Material provided:
--------------------------------------------------

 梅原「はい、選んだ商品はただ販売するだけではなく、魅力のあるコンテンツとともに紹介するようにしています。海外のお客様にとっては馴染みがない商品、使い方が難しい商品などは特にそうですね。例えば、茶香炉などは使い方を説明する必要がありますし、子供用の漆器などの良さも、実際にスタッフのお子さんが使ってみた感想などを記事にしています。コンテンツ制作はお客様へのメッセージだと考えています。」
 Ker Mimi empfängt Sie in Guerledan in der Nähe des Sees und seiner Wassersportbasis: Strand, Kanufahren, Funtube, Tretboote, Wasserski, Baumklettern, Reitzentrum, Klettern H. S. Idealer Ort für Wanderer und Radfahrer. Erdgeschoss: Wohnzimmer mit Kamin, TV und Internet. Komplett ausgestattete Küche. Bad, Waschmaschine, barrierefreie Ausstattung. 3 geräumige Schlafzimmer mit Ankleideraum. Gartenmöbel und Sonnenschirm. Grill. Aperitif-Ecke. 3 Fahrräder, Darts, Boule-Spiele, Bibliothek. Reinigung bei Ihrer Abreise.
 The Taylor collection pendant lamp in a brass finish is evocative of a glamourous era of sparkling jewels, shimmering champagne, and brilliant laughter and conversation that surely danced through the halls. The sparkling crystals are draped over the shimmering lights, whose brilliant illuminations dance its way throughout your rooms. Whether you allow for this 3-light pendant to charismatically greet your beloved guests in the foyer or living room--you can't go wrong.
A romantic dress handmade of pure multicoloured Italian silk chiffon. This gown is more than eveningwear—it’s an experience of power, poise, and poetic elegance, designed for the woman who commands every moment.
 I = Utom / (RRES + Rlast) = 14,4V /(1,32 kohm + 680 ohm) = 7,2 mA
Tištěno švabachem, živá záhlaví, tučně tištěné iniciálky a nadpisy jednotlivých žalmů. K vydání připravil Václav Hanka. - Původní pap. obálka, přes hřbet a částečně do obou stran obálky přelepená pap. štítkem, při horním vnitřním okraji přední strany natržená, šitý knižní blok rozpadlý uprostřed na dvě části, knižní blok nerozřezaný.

--------------------------------------------------

Task to complete:
Once more, write out the entries exactly as they were written.

Exercise solution:
 梅原「はい、選んだ商品はただ販売するだけではなく、魅力のあるコンテンツとともに紹介するようにしています。海外のお客様にとっては馴染みがない商品、使い方が難しい商品などは特にそうですね。例えば、茶香炉などは使い方を説明する必要がありますし、子供用の漆器などの良さも、実際にスタッフのお子さんが使ってみた感想などを記事にしています。コンテンツ制作はお客様へのメッセージだと考えています。」
 Ker Mimi empfängt Sie in Guerledan in der Nähe des Sees und seiner Wassersportbasis: Strand, Kanufahren, Funtube, Tretboote, Wasserski, Baumklettern, Reitzentrum, Klettern H. S. Idealer Ort für Wanderer und Radfahrer. Erdgeschoss: Wohnzimmer mit Kamin, TV und Internet. Komplett ausgestattete Küche. Bad, Waschmaschine, barrierefreie Ausstattung. 3 geräumige Schlafzimmer mit Ankleideraum. Gartenmöbel und Sonnenschirm. Grill. Aperitif-Ecke. 3 Fahrräder, Darts, Boule-Spiele, Bibliothek. Reinigung bei Ihrer Abreise.
 The Taylor collection pendant lamp in a brass finish is evocative of a glamourous era of sparkling jewels, shimmering champagne, and brilliant laughter and conversation that surely danced through the halls. The sparkling crystals are draped over the shimmering lights, whose brilliant illuminations dance its way throughout your rooms. Whether you allow for this 3-light pendant to charismatically greet your beloved guests in the foyer or living room--you can't go wrong.
A romantic dress handmade of pure multicoloured Italian silk chiffon. This gown is more than eveningwear—it’s an experience of power, poise, and poetic elegance, designed for the woman who commands every moment.
 I = Utom / (RRES + Rlast) = 14,4V /(1,32 kohm + 680 ohm) = 7,2 mA
Tištěno švabachem, živá záhlaví, tučně tištěné iniciálky a nadpisy jednotlivých žalmů. K vydání připravil Václav Hanka. - Původní pap. obálka, přes hřbet a částečně do obou stran obálky přelepená pap. štítkem, při horním vnitřním okraji přední strany natržená, šitý knižní blok rozpadlý uprostřed na dvě části, knižní blok nerozřezaný.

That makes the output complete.